| Exercise input |
>>>>>
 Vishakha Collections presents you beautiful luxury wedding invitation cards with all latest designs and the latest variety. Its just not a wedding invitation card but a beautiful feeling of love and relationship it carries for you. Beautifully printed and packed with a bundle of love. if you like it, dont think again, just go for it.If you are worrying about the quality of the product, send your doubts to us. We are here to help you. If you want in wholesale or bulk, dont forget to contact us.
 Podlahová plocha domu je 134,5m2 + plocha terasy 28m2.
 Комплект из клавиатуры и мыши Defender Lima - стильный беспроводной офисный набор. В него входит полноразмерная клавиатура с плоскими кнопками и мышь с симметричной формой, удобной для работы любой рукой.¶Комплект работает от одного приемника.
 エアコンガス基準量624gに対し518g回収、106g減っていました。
<<<<<
>>>>>
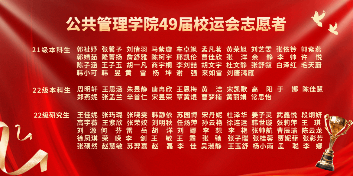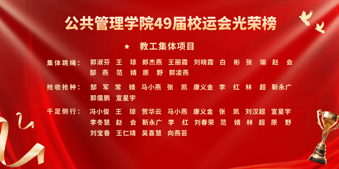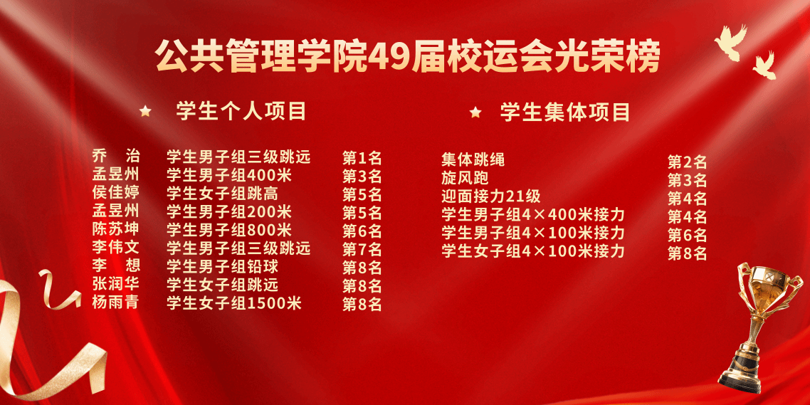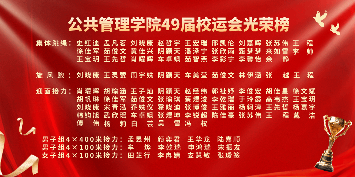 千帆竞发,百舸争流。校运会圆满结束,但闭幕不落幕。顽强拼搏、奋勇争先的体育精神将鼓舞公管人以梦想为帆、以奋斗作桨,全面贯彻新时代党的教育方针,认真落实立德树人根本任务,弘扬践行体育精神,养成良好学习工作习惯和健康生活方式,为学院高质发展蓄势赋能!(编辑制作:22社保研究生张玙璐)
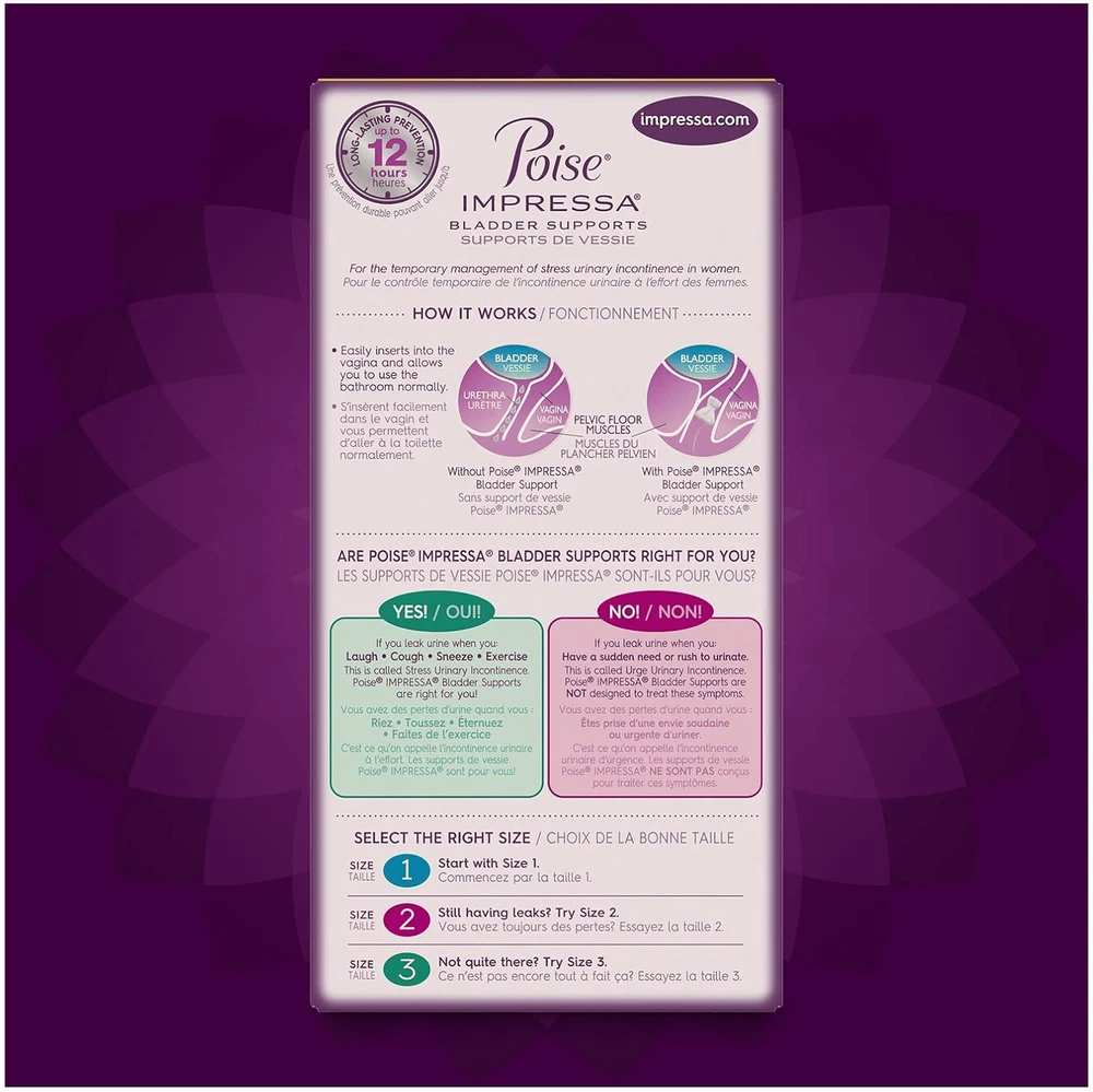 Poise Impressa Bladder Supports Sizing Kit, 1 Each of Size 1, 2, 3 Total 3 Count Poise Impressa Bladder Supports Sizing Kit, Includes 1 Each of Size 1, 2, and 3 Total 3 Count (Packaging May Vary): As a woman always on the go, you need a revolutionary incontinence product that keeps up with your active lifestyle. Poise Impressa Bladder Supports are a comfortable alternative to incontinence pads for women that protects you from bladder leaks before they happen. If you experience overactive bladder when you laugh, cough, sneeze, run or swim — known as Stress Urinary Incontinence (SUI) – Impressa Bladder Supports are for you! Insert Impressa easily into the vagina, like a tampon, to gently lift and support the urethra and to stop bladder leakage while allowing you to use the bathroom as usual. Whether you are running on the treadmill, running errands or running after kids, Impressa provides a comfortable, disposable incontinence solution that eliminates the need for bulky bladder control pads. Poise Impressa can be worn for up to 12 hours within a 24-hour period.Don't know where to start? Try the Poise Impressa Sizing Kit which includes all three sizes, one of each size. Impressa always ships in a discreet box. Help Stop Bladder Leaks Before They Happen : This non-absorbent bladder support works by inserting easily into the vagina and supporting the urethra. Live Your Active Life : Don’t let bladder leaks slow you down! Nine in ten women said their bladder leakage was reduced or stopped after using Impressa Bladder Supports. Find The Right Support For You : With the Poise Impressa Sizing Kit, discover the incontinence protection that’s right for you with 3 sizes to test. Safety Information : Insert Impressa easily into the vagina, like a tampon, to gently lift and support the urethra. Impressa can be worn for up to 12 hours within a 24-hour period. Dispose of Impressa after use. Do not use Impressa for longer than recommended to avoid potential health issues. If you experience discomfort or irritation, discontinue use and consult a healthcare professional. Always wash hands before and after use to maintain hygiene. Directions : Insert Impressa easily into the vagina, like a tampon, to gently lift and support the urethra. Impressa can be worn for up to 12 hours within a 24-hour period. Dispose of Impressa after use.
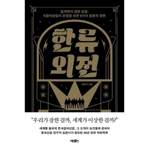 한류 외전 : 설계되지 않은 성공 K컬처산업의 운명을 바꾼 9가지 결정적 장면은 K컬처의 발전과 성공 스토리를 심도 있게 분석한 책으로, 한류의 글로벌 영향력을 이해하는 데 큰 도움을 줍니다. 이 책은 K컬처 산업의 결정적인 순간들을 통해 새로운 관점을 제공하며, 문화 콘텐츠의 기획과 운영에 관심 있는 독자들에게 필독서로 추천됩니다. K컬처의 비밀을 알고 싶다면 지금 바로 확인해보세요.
<<<<<
| Required action |
Everything above from the line containing "Vishakha Collections presents" down to the line containing "エアコンガス基準量624gに対し518g回収、106g減っていました。" should be copied exactly, both end lines included, and nothing else.

| Solution to the exercise |
 Vishakha Collections presents you beautiful luxury wedding invitation cards with all latest designs and the latest variety. Its just not a wedding invitation card but a beautiful feeling of love and relationship it carries for you. Beautifully printed and packed with a bundle of love. if you like it, dont think again, just go for it.If you are worrying about the quality of the product, send your doubts to us. We are here to help you. If you want in wholesale or bulk, dont forget to contact us.
 Podlahová plocha domu je 134,5m2 + plocha terasy 28m2.
 Комплект из клавиатуры и мыши Defender Lima - стильный беспроводной офисный набор. В него входит полноразмерная клавиатура с плоскими кнопками и мышь с симметричной формой, удобной для работы любой рукой.¶Комплект работает от одного приемника.
 エアコンガス基準量624gに対し518g回収、106g減っていました。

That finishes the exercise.